Essa situação permite afirmar que a estratégia do alongamento da escolarização dos filhos de agricultores familiares contribui para o “estacionamento de desempregados” num momento em que o trabalho se constitui a partir do avanço da precarização total do trabalho, contribuindo assim com a expansão do exército industrial de reserva.

Desse modo, torna-se cada vez maior a contradição entre o trabalho como meio de satisfação das necessidades sociais coletivas e meio de subsistência individual, o que faz crescer os requisitos de qualificação para o trabalho, quando, na verdade, a qualificação não é certeza de alguma atividade laboral, pois a maior parte dos postos de trabalho que se abrem não requerem qualificação para a sua execução. Não obstante, cria-se também a constante necessidade de qualificação profissional para o trabalho quando não há trabalho; é a contradição em processo, ativado pelo capital na sua constante busca por valorização.

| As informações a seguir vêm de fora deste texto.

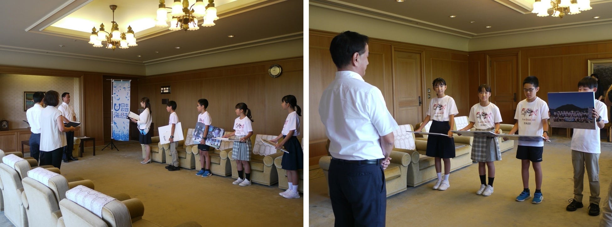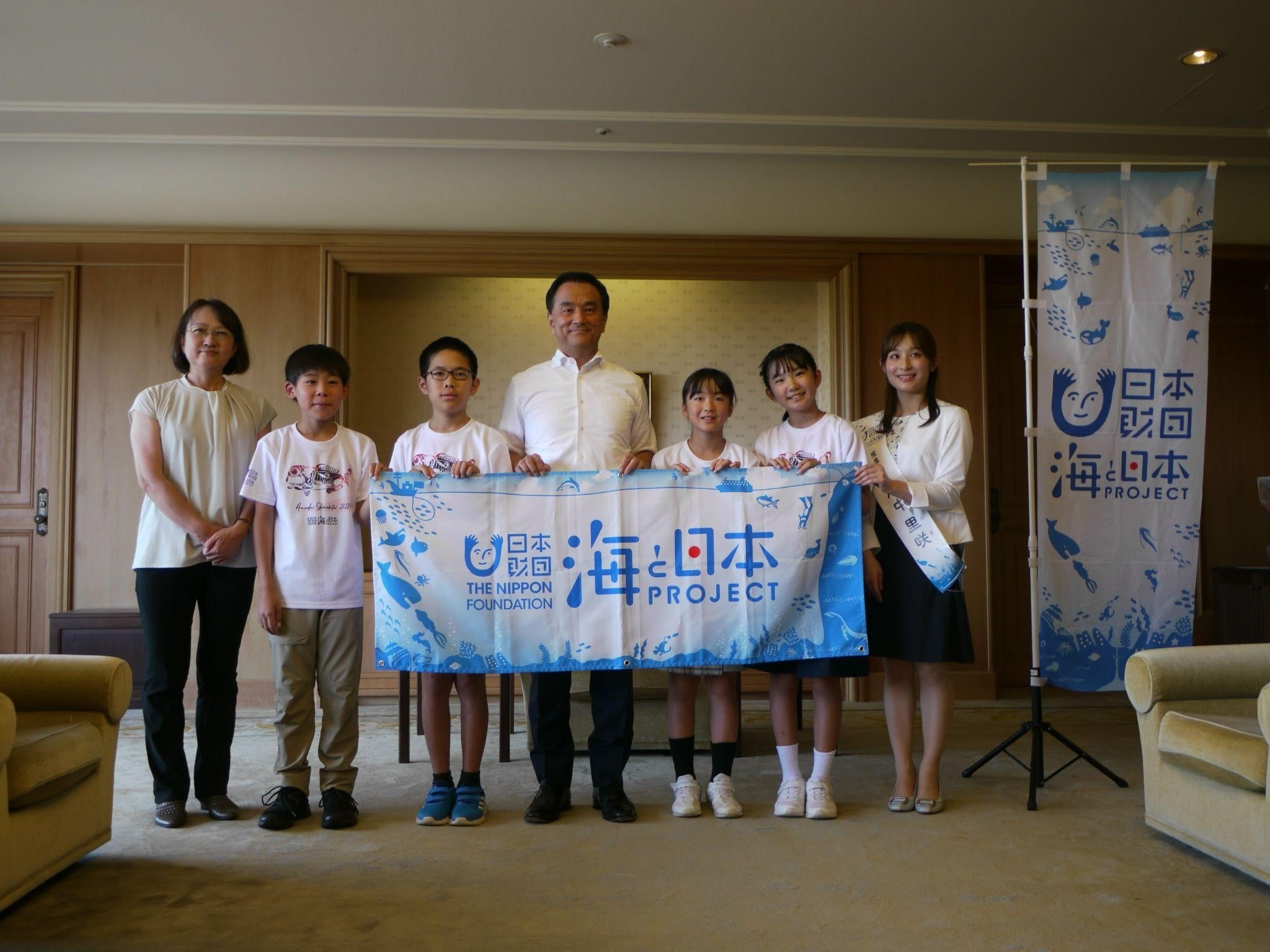 隊員たちは体験の成果をまとめ、2024年8月26日(月)に代表児童4名が山口県庁を訪れ村岡嗣政知事に未来の海を守ることを提言しました。

Os reflexos dessas mudanças na reestruturação do trabalho em geral culminam concomitantemente nas estratégias adotadas pelos agricultores familiares em alongar a escolarização dos filhos, que são medidas individuais e que não chegam à raiz do problema social, que é gerado pela contradição do modo capitalista de produção que denota um movimento de centralização do capital na cidade, bem como um movimento de centralização do capital no campo.

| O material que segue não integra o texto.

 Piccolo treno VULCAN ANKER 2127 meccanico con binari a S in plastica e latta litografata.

Zago apresenta os resultados de pesquisa86 nos níveis de ensino Fundamental e Médio, salientando que “o reconhecimento da educação escolar como requisito básico para responder às exigências do mercado de trabalho e, sobretudo, como possibilidade de romper com as condições de pobreza familiar, é variável, colocada pelos pais de forma recorrente, independente das diferenças internas do grupo estudado (2000, p. 23)”.

O que se percebe nessas colocações é que as estratégias encontradas, tanto no espaço urbano quanto no espaço rural, denotam a necessidade de se conseguir trabalho, ou melhor, da necessidade que cada indivíduo tem de produzir a própria vida material. Para tanto, esbarram nas condições que são criadas pelo próprio sistema capitalista que necessita e recria constantemente as suas bases de sustentação, pois somente quando a população vive a barbárie, o sistema se reproduz. E nesse quadro, a escola é um dos seus aparatos.

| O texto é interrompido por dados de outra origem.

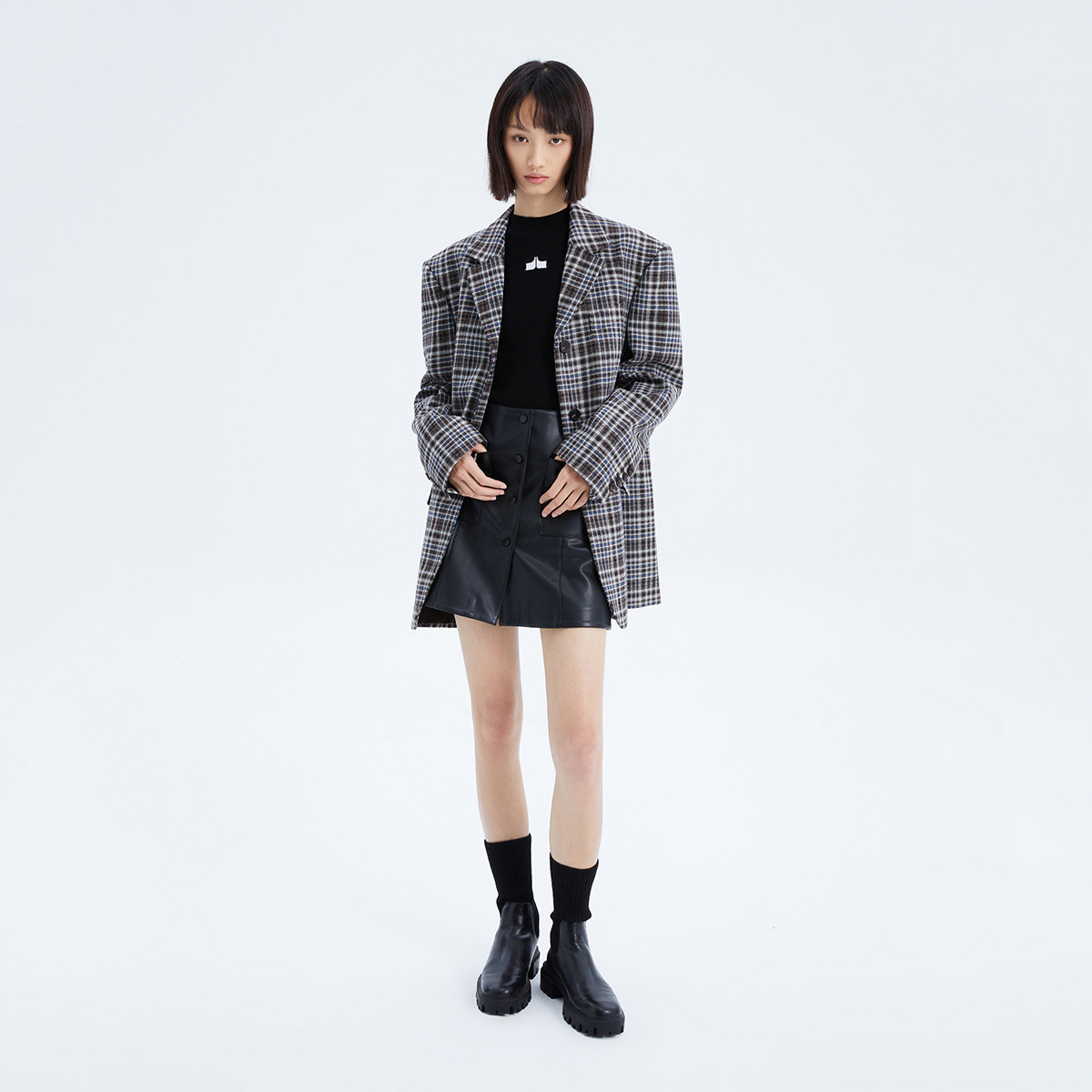【商场同款】春季复古洋气格纹时尚通勤款西装外套 188635

Assim sendo, a escola do campo abre um leque de questões em busca de ampliar as condições adversas que envolvem a educação formal, no sentido de uma educação mais compatível com os problemas vividos no espaço rural, de forma que envolva outras organizações sociais como o MST, a fim de firmar um construto político capaz de ampliar as demandas sociais do campo em busca de uma sociedade socialista em detrimento do modo capitalista de produção.

86 Zago (2000) procura mostrar as condições objetivas, as práticas e os significados atribuídos à escolarização,

assim como o caráter heterogêneo e não linear dos percursos escolares em meios populares, com base numa análise feita a partir de dados obtidos num bairro de Florianópolis/SC.

CAPÍTULO IV

INTEGRAÇÃO E TRABALHO COLETIVO

Com base nas trajetórias de trabalho dos agricultores familiares apresentadas no capítulo II, buscamos, num primeiro momento, descrever o processo da cadeia produtiva do fumo e suas implicações tanto para o agricultor como para a empresa integradora, e, num segundo momento, a análise do que entendemos ser a instituição do trabalho coletivo no campo e, por conseqüência, a redução do trabalho vivo.

Para delinear melhor o foco da análise, optamos em trabalhar com uma única empresa integradora, a Souza Cruz, que atua na produção de fumo há mais de um século no Brasil, sendo a base da cadeia produtiva os agricultores familiares integrados. Nesse contexto, buscamos rastrear a cadeia produtiva do fumo de modo que possamos apreender como se constitui o trabalho e o que ele expressa na relação com o capital.